Читать книгу Encyclopedia of Glass Science, Technology, History, and Culture - Группа авторов - Страница 352

Relaxation times that depend only on temperature and pressure have been considered. Nevertheless, the complexity of microscopic structures in glasses implies the existence of a distribution of relaxation times. Relaxation processes then also depend on the instantaneous state of the system itself and, thus, on its history as, for instance, described by the Tool–Narayanaswamy–Moynihan model (Chapter 3.7, [22, 23]). A consequence is that some nontrivial relaxation processes can take place well below the glass transition range. Hence, it is interesting to study such a time‐dependent process termed physical aging, which has a practical relevance through its possible effects on glass properties.

The process can be illustrated with DSC scans for PVAc (Figures 2 and 6). If the sample is cooled down at some rate to 297 K, i.e. about 10 K below the calorimetric T_g, and its temperature is kept constant for a time interval t_a, then its enthalpy (and entropy) relax to their lowest equilibrium values for the temperature (and pressure) considered. Experimentally, physical aging manifests itself as differences between the areas of DSC scans upon heating recorded for samples annealed (72 hours at 297 K) and not annealed. For the experiment without annealing, the lowest temperature of 278 K has been directly reached (see cooling curve in Figure 6). The amount of enthalpy relaxed during aging is equal to the difference between the light gray and dark gray areas in Figure 6. Of course, for a given annealing temperature, such a difference increases with the aging duration. As recently carried out on polymeric glass‐formers annealed at relatively low aging temperatures for a very long time, calorimetry (DSC) can bring to light two different timescales for glass equilibration, revealing the complexity and richness of relaxation processes well below T_g [24].

Figure 6 Effect of aging on the heat capacities of PVAc recorded upon heating at the same rate. Heat capacity after a cooling (solid circle with line) and heat capacity after cooling and 72‐hour annealing at 297 K (empty circle with line). The enthalpy released during aging estimated by the difference between the two areas included between these two curves. Heat capacities upon continuous cooling shown as solid circles.
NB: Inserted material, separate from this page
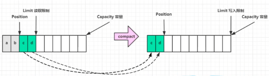 流程: 初始状态 写模式下,position是写入位置,limit等于容量,写入四个字节后的状态 flip动作发生后,position切换为读取位置,limit切换为读取限制 读取四个字节后的状态 clear动作发生后 compact方法,是把未读完的部分向前压缩,然后切换至写模式
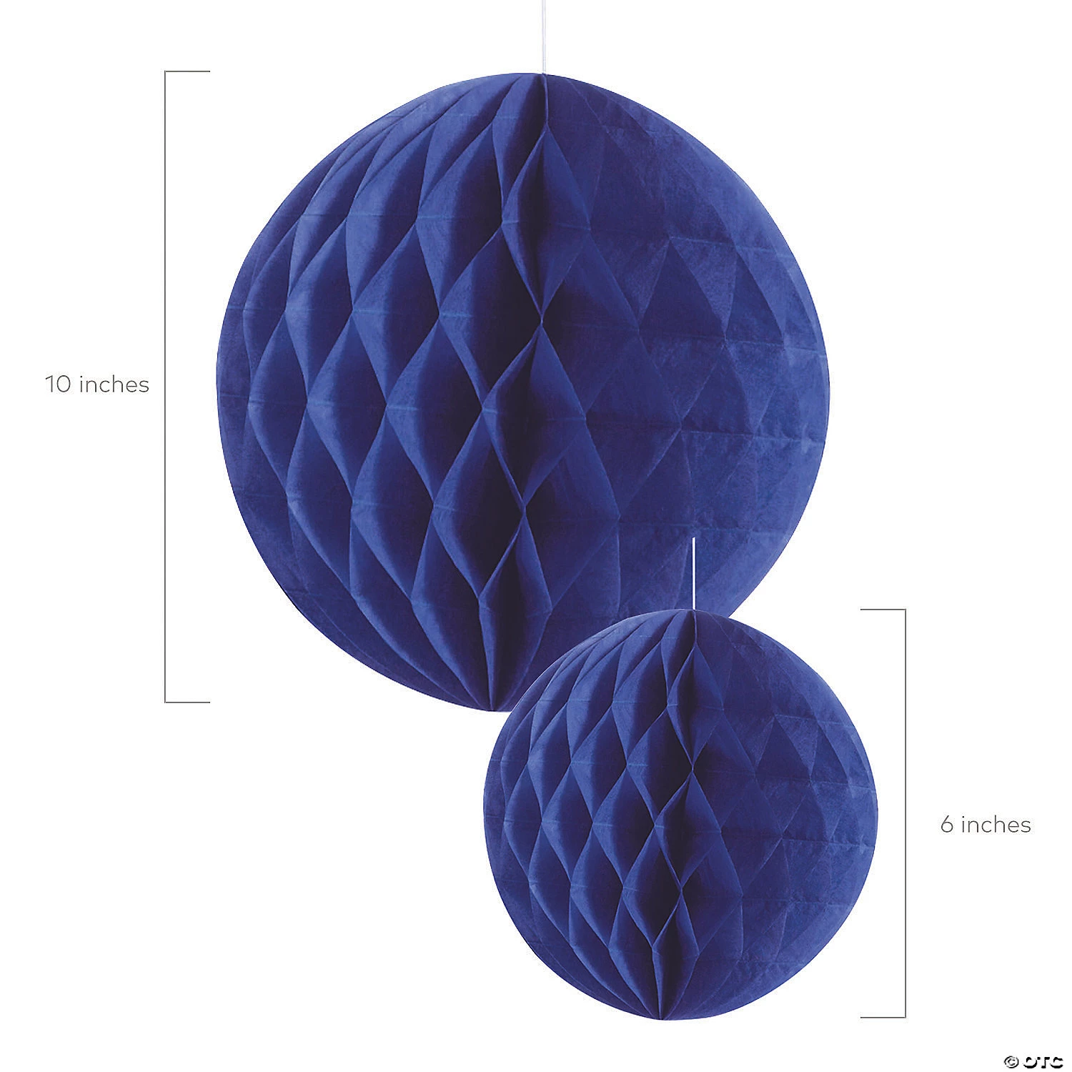 Tissue honeycomb balls are the perfect balance of texture and a splash of color for your next party. Decorations like these hanging honeycombs deliver huge impact on party décor at an affordable price. Combine these honeycombs with other shapes and colors from our wide selection of hanging décor to fill your party space beautifully. Perfect for birthday parties, wedding receptions, grad parties and more. Tissue paper. (6 pcs. per unit) Includes three sizes: 6″, 8″ and 10″ with 3 ft. of white string for each. Simple assembly required.

Phenomenologically, however, in simple cases aging can be accounted for with the same approach as developed in previous sections. It is related to the relaxation of the order parameter ξ toward its equilibrium value ξ_eq(P,T) whereas the affinity A is relaxing at the same time toward zero. When applicable, the lattice‐hole theory can be used to solve Eq. (16) at constant P and T to reproduce the observed process. As done for o‐terphenyl [19], the order parameter is calculated at constant pressure and aging temperature T = 229.5 K with Eq. (16) and a temperature‐ and pressure‐dependent relaxation time [19]. The affinity has been calculated upon heating at 60 K/min, either after cooling at 6 K/min without aging, or after cooling at the same rate but with an aging process at 229.5 K (Figure 7). Upon isothermal aging, the affinity increases markedly (see the arrow in Figure 6) and then increases at the same rate as without aging. The difference is that the zero line is crossed at a lower temperature so that a much bigger peak is observed when the affinity finally recovers its zero equilibrium value at high temperatures. Since the affinity is an integrated measure of the heat capacity, the large peaks either calculated or observed for these properties are clear signatures of aging [19]. More complex calculations can of course be made to deal with at least two separate timescales [24], or a more realistic distribution of relaxation times.

Figure 7 Effect of aging on affinities calculated with the lattice‐hole model upon heating at the same rate of 60 K/min, first after a continuous cooling at 6 K/min (black line with solid circle), and second after annealing at 229.5 K (black line with empty circle). The black arrow simulating the relaxation of affinity upon aging at 229.5 K. Affinity upon continuous cooling shown as solid circles.